**Your objective:** Reproduce exactly the lines of this material that begin at the line with "Roamer представляет обновленную" and end at the line with "Women Cropped Cow", both included. Omit the pictures and everything else.

**Information provided:**

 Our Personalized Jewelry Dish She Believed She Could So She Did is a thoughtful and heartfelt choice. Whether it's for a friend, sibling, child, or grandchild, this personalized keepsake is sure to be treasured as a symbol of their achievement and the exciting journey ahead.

---

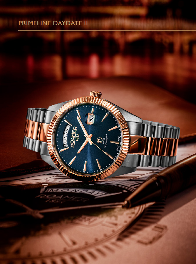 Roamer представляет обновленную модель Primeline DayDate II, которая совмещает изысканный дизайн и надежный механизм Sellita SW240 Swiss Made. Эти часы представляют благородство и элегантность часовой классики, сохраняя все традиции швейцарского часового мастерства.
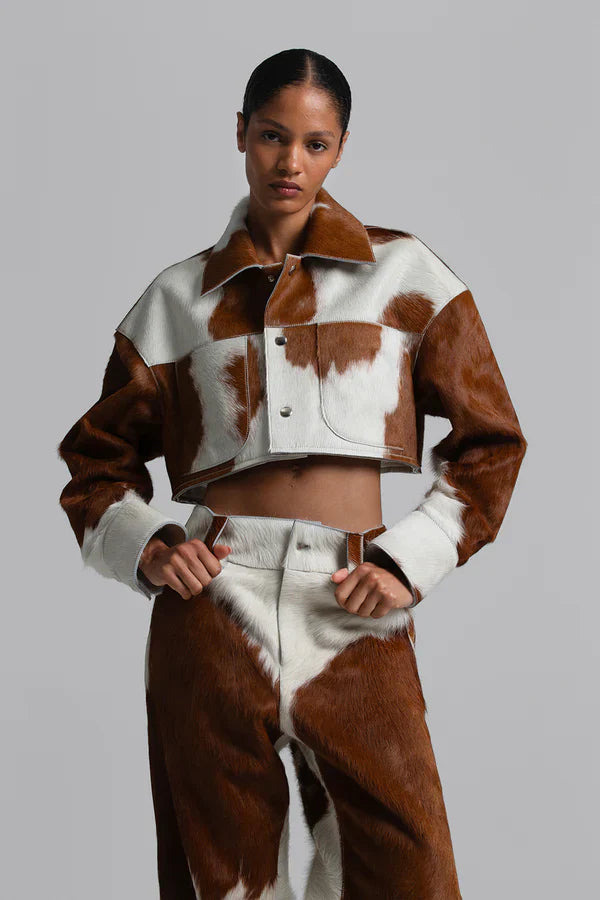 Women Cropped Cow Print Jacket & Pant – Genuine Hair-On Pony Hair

--

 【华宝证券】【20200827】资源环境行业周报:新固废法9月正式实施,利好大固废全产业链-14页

**Response to this exercise:**
 Roamer представляет обновленную модель Primeline DayDate II, которая совмещает изысканный дизайн и надежный механизм Sellita SW240 Swiss Made. Эти часы представляют благородство и элегантность часовой классики, сохраняя все традиции швейцарского часового мастерства.
 Women Cropped Cow Print Jacket & Pant – Genuine Hair-On Pony Hair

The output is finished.